___ MATERIAL SUPPLIED

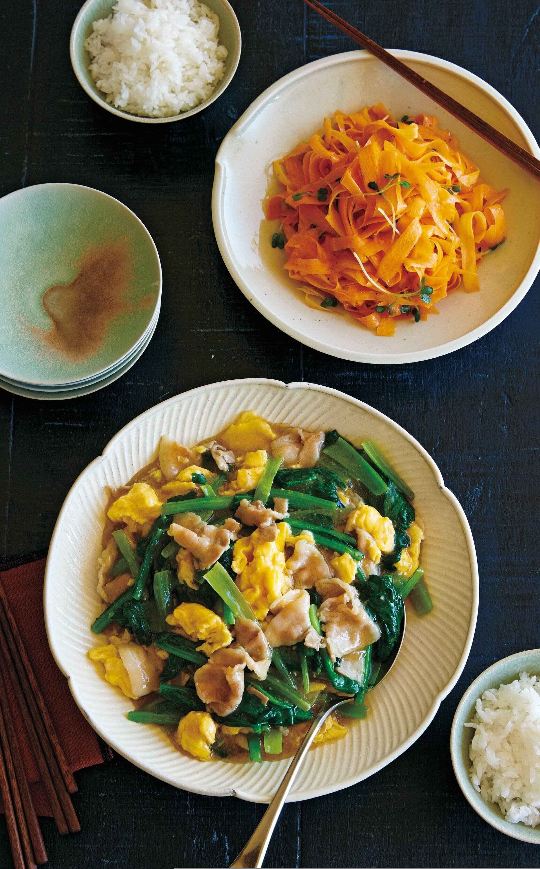 市瀬さん 小松菜の葉はすぐ火が通るので軸のほうを先に加えて炒めるといいですよ。主菜に青菜を使っているので、副菜は根菜のにんじんのあえものにすると、バランスがよい献立になると思います。
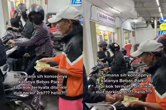 Namun ternyata pemotor yang parkir di minimarket tersebut tetap saja dimintai uang parkir.
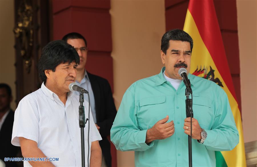 CARACAS, abril 15, 2018 (Xinhua) -- El presidente de Venezuela, Nicolás Maduro (d-frente) y su homólogo boliviano, Evo Morales (i-frente), participan en una conferencia de prensa en el Palacio de Miraflores, en Caracas, capital de Venezuela, el 15 de abril de 2018. De acuerdo con información de la prensa local, durante la reunión ambos mandatarios condenaron la guerra mediática que difunden algunos medios internacionales para justificar los ataques que realizó el viernes Estados Unidos en Siria, y destacaron la unidad entre Bolivia y Venezuela en la construcción del socialismo y un mundo equitativo. (Xinhua/Prensa Presidencial/AVN)
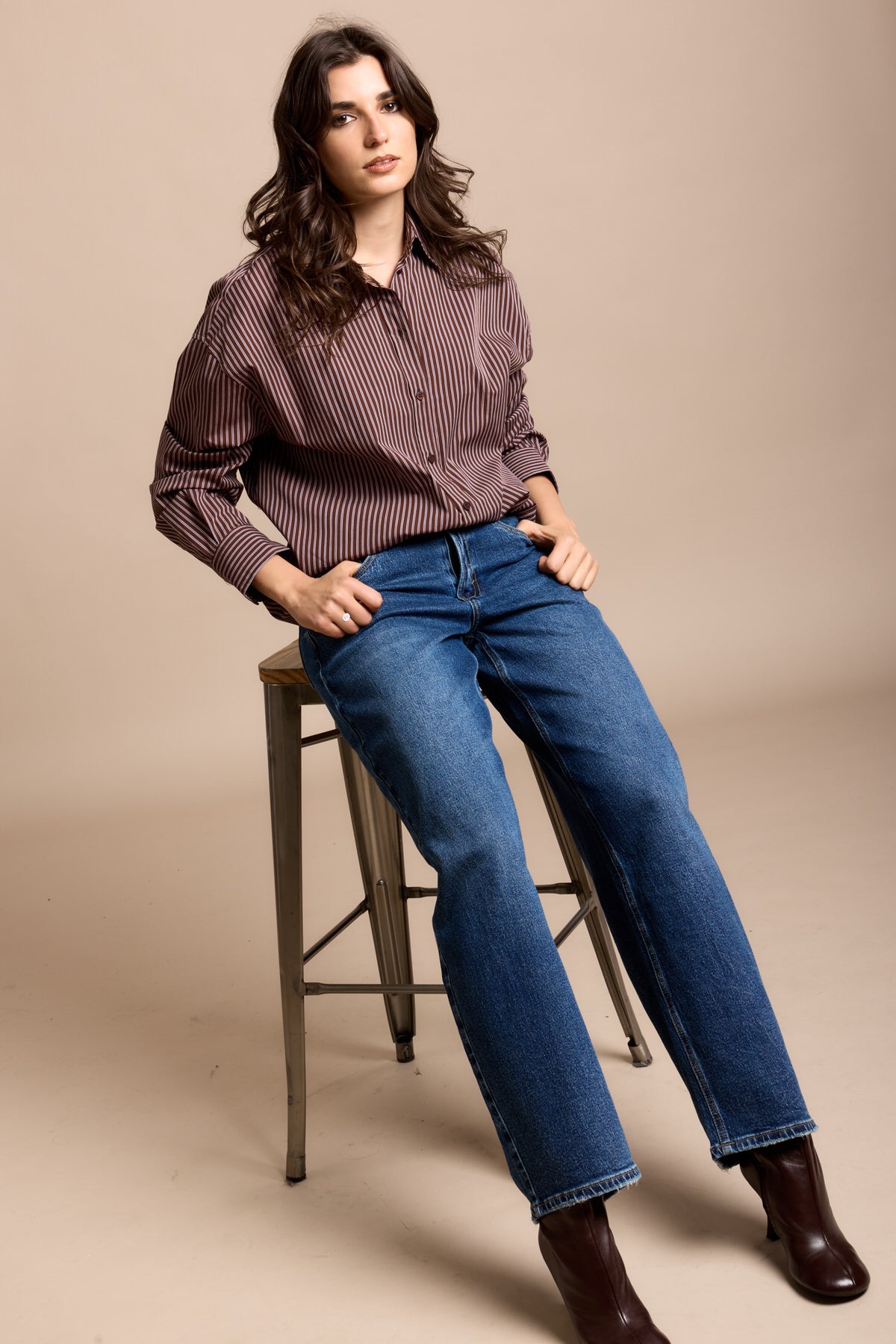 Toxik3 geribbelde mom-jeansbroek van stretch
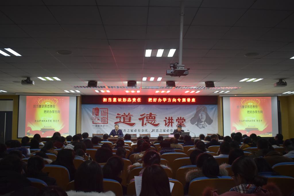 为深入学习贯彻习近平新时代中国特色社会主义思想和党的十九大精神,落实党管意识形态,牢牢把握意识形态工作的领导权、主动权,12月26日下午,我院在学术报告厅举办了“担当意识形态责任 把好办学方向”专题讲座。学院党委副书记、院长郭茂华为大家作专题辅导报告。学院全体党员教师及部分学生党员聆听讲座。
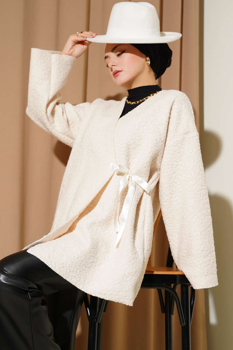 Tek Düğmeli Kemerli Sakallı Ceket Bej
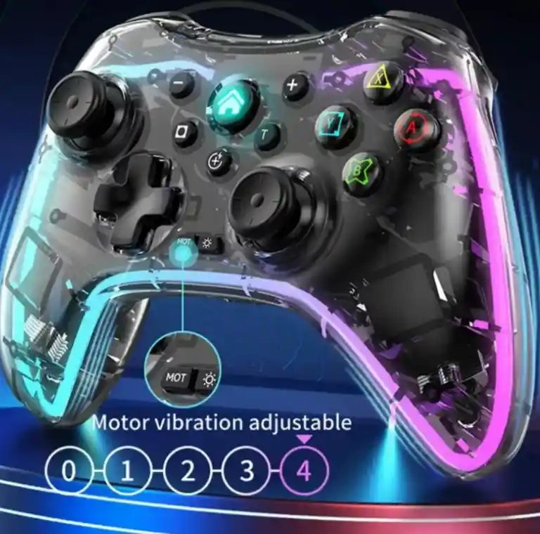 "Bienvenidos a GENUINOS SHOP Tecnología del futuro" ¡Somos expertos en los mejores artículos de tecnología, belleza y hogar con amplia trayectoria y calidad garantizada! DESCRIPCION DEL PRODUCTO El Control Inalámbrico Gamepad Transparente RGB Joystickes un innovador controlador. Compatible con Play 4 / PC / Nintendo Switch/ Celular 4 y ofrece una jugabilidad precisa y cómoda para todas tus aventuras. Cada detalle del diseño del gamepad se ha fabricado para ofrecerte una experiencia fluida y sin esfuerzo al incluir una impactante iluminación RGB. Controlador de juego inalámbrico con iluminación RGB transparente, Joystick, Gamepad para Play 4 / PC / Nintendo Switch/ Celular Especificaciones 1) Nombre del artículo: Controlador de juego inalámbrico 2) Material: ABS 3) Color: Transparente 4) Tamaño: 16 cm * 12 cm * 6,5 cm 5) Modelos compatibles:Play 4 / PC / Nintendo Switch/ Celular 6) Característica: Con efecto de luz colorida Especificación: Distancia inalámbrica: menos de 10 metros Dispositivos compatibles: para Switch/PS/PC/IOSMFI Batería: 600 mAh Tiempo de uso: 10horas Tiempo de carga: 4 - 6 horas Color: Transparente IMPORTANTE Para poder tener una buena experiencia en tu compra, te recomendamos que leas detalladamente las siguientes recomendaciones: • Lee completamente la descripción del producto. • Revisa muy bien que sea el producto que necesitas para evitar devoluciones. Garantía del vendedor: 30 días

______

## [YOUR INSTRUCTIONS]
Although pictures appear among the records above, write out exactly only the lines from the one that has "为深入学习贯彻习近平新时代中" through the one that has "Tek Düğmeli Kemerli Sakallı Ceket Bej", and leave the pictures out.

## [ANSWER BOX]
 为深入学习贯彻习近平新时代中国特色社会主义思想和党的十九大精神,落实党管意识形态,牢牢把握意识形态工作的领导权、主动权,12月26日下午,我院在学术报告厅举办了“担当意识形态责任 把好办学方向”专题讲座。学院党委副书记、院长郭茂华为大家作专题辅导报告。学院全体党员教师及部分学生党员聆听讲座。
 Tek Düğmeli Kemerli Sakallı Ceket Bej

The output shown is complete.